Surveillance renforcée en Essonne après une série de quatre meurtres

La police va notamment multiplier les contrôles routiers et les "'interventions" pour rassurer les habitants paniqués.

Des agents de la police scientifique et des médecins légistes pénètrent dans l\'immeuble où a été tuée une femme de 47 ans, le 5 avril 2012 à Grigny (Essonne).
Des agents de la police scientifique et des médecins légistes pénètrent dans l'immeuble où a été tuée une femme de 47 ans, le 5 avril 2012 à Grigny (Essonne). (PIERRE VERDY / AFP)

La police est sur les dents en Essonne. Une surveillance renforcée a été mise en place vendredi 6 avril dans le département et doit "monter en puissance" samedi. Objectif : rassurer une population inquiète après quatre meurtres commis avec une même arme en un peu plus de quatre mois, dans un périmètre de moins de dix kilomètres. FTVi vous détaille ce dispositif. 

Des effectifs de police gonflés

Une centaine d'enquêteurs de la Direction centrale de la police judiciaire (DCPJ) ont été réquisitionnés pour tenter d'élucider les quatre crimes commis entre le 27 novembre et le 5 avril.
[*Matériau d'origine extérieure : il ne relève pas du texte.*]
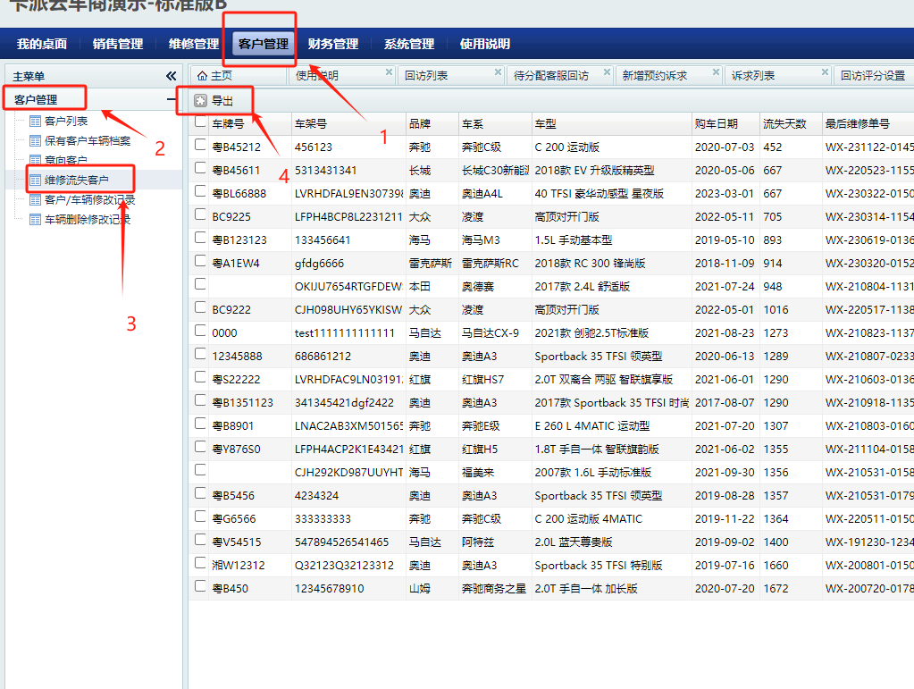 操作:列表下方点击查询条件,点击上方的【导出】按钮可以批量导出流失客户。

Dans le département, la présence policière "a été multipliée par cinq", a indiqué samedi le maire de Ris-Orangis, Thierry Mandon, à la chaîne de télévision BFM-TV.
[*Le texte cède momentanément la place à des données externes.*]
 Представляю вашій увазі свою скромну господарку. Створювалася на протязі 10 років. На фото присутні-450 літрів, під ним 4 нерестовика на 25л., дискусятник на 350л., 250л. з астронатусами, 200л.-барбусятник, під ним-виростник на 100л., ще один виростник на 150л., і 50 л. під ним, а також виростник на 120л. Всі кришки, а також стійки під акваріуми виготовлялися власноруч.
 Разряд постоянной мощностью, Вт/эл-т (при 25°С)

Les policiers cherchent à retrouver la trace du meurtrier présumé de deux hommes et deux femmes "sans histoires" et sans lien apparent entre eux. Des similitudes sont apparues entre ces différents drames. Un numéro de téléphone gratuit (0800 33 60 98) et une adresse internet (n791@interieur.gouv.fr) ont été mis en place pour recueillir d'éventuels renseignements.

>> Ce que l'on sait de ces meurtres

Des contrôles accrus

"L'objet principal est de contrôler les comportements suspects", a expliqué le préfet de l'Essonne Michel Fuzeau. Des contrôles routiers et d'identité seront donc effectués afin de retrouver la trace de l'auteur présumé, "un individu de sexe masculin". Le préfet a aussi annoncé "des interventions pour répondre aux alertes données par la population"
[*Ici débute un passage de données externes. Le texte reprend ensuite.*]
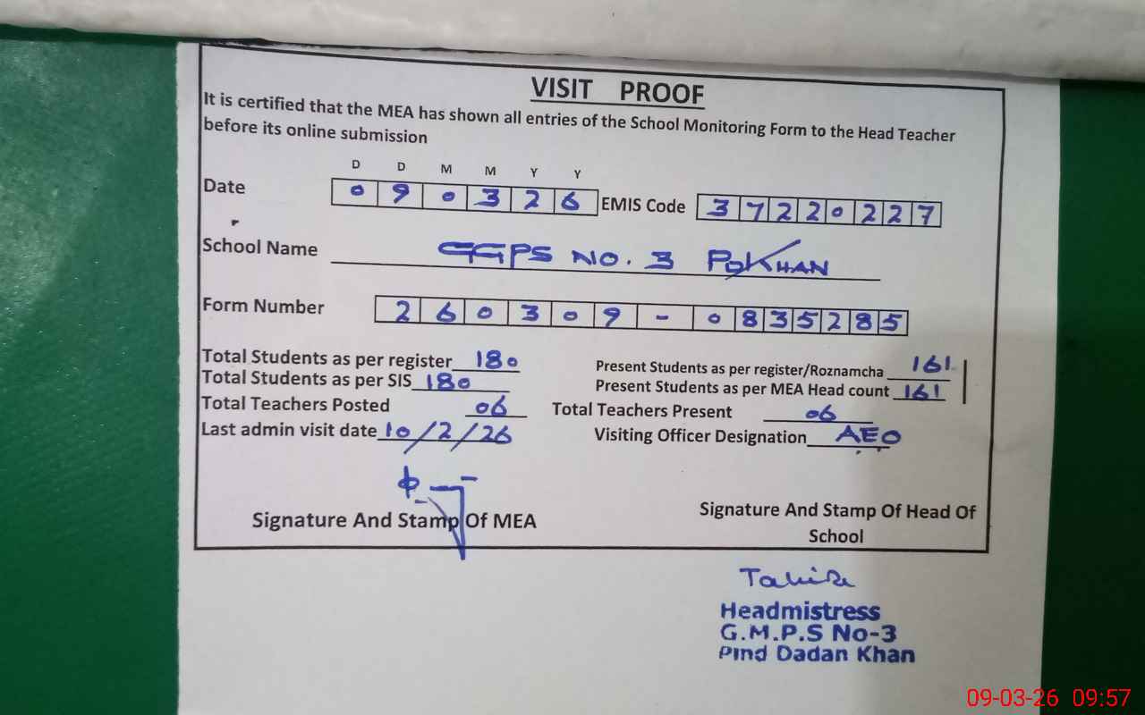 | EMIS Code: 37220227 | Name of School: GMPS NO. 3 P.D KHAN | |||

Mais les policiers recherchent surtout une moto bleue et blanche Suzuki modèle GSXR 750, année 2001, "avec le R du modèle rouge". Le tueur aurait pris la fuite au volant de cet engin. Un appel à témoins a été lancé pour en retrouver la trace, vendredi soir. Selon le Parisien.fr, des contrôles de deux-roues correspondant à celui du tueur "vont se multiplier sur les axes (...) situés dans la région"

Panique des habitants

Outre faire progresser l'enquête, le dispositif doit aussi rassurer la population. L'hypothèse d'un tueur en série inquiète en effet les habitants de Grigny, théâtre d'un dernier meurtre jeudi. "On se demande: A qui le tour ? Il peut tirer sur qui maintenant ?", s'interroge Nouar Khemissa, mère de famille et voisine de la victime Nadjia Boudjemia-Lahcene, lors d'une cérémonie d'hommage organisée par la municipalité.

Dans l'immeuble où ont été tuées les deux premières victimes, leurs voisins racontent qu'ils ne vont plus au parking, ou qu'ils descendent leurs poubelles la peur au ventre. "Pour l’heure, rien ne permet d’affirmer que le ou les tueurs vont s’arrêter là, reconnaît un haut fonctionnaire. Nous n’avons toujours pas déterminé le mobile des trois derniers meurtres. Alors comment savoir si la série ne va pas se poursuivre ?"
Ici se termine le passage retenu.